Exercise requirements: Give back the whole listing verbatim, printing none of its pictures.

Information shown:
↓↓↓
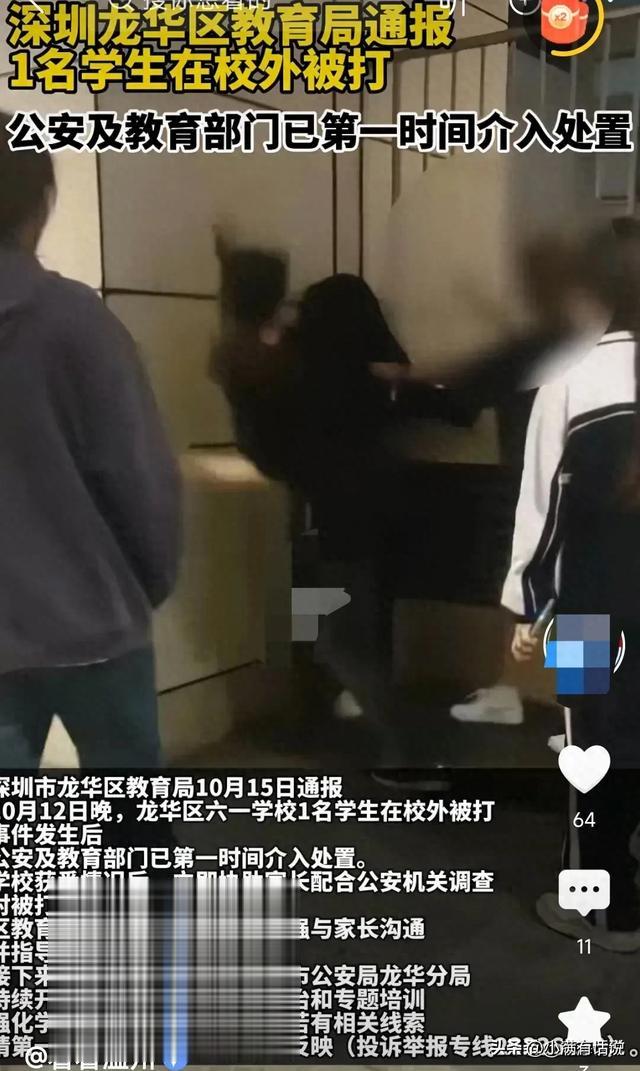10月12日晚,龙华区六一学校一名学生在校外被打,事件发生后,当地公安以及教育部门第一时间介入了调查处置!
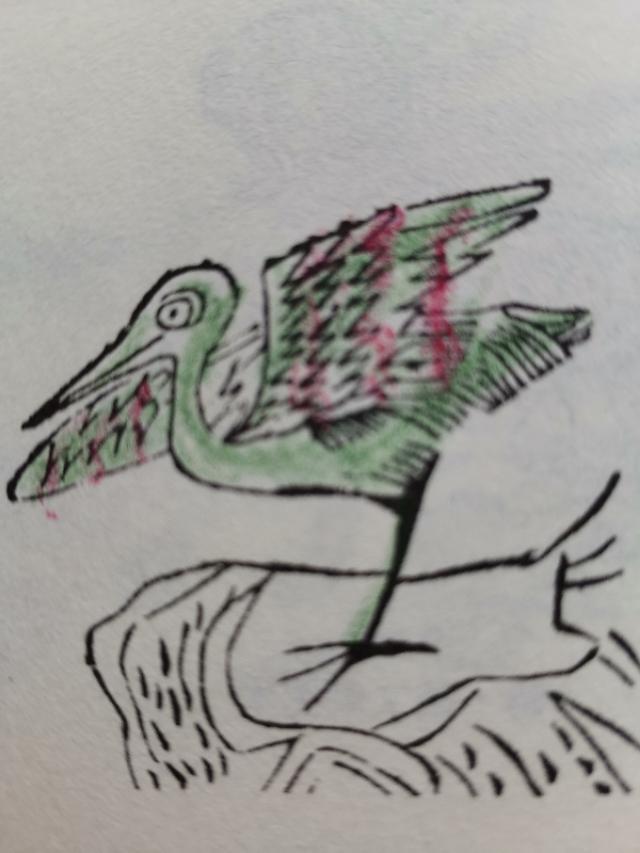“西次三经”:有西二百八十里,曰章莪之山,无草木,多瑶碧,所有鸟焉,其状如鹤,一足,赤文青质而白喙,名曰毕方,其名自叫也,见则其邑有讹火。
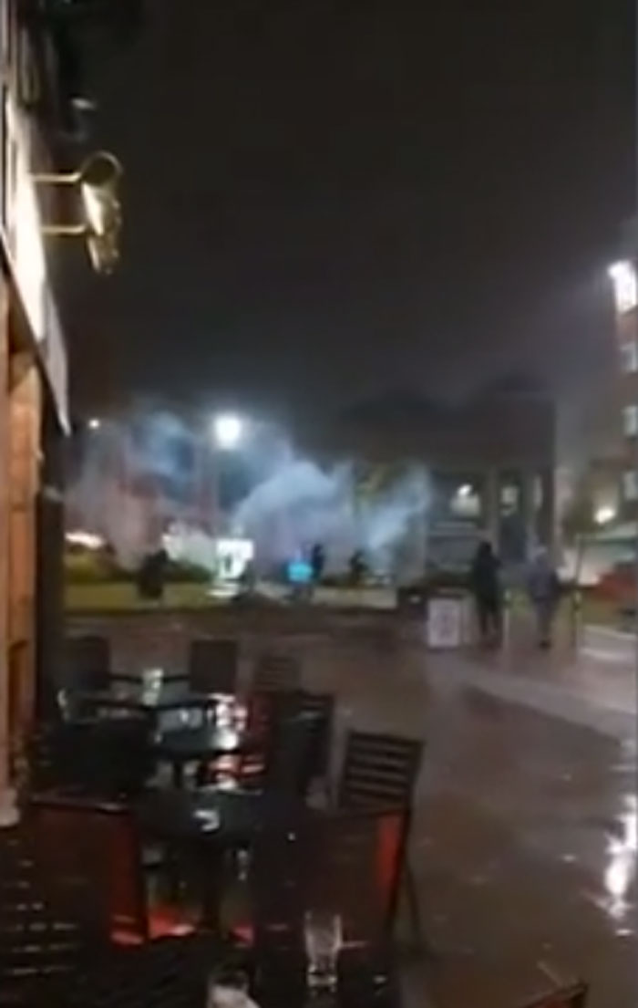 A witness said: “They were going at it for hours and there were customers inside a bar close by who were trapped and could not leave. Everyone feared getting hit and the youths didn’t seem to care which direction the fireworks travelled in.”
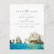 Cette sauvegarde de la date carte postale comprend une aquarelle de la tropicale Cabo San Lucas, les plages du Mexique et un support simple carte postale pour faciliter l'envoi.
↑↑↑
Reply:
10月12日晚,龙华区六一学校一名学生在校外被打,事件发生后,当地公安以及教育部门第一时间介入了调查处置!
“西次三经”:有西二百八十里,曰章莪之山,无草木,多瑶碧,所有鸟焉,其状如鹤,一足,赤文青质而白喙,名曰毕方,其名自叫也,见则其邑有讹火。
 A witness said: “They were going at it for hours and there were customers inside a bar close by who were trapped and could not leave. Everyone feared getting hit and the youths didn’t seem to care which direction the fireworks travelled in.”
 Cette sauvegarde de la date carte postale comprend une aquarelle de la tropicale Cabo San Lucas, les plages du Mexique et un support simple carte postale pour faciliter l'envoi.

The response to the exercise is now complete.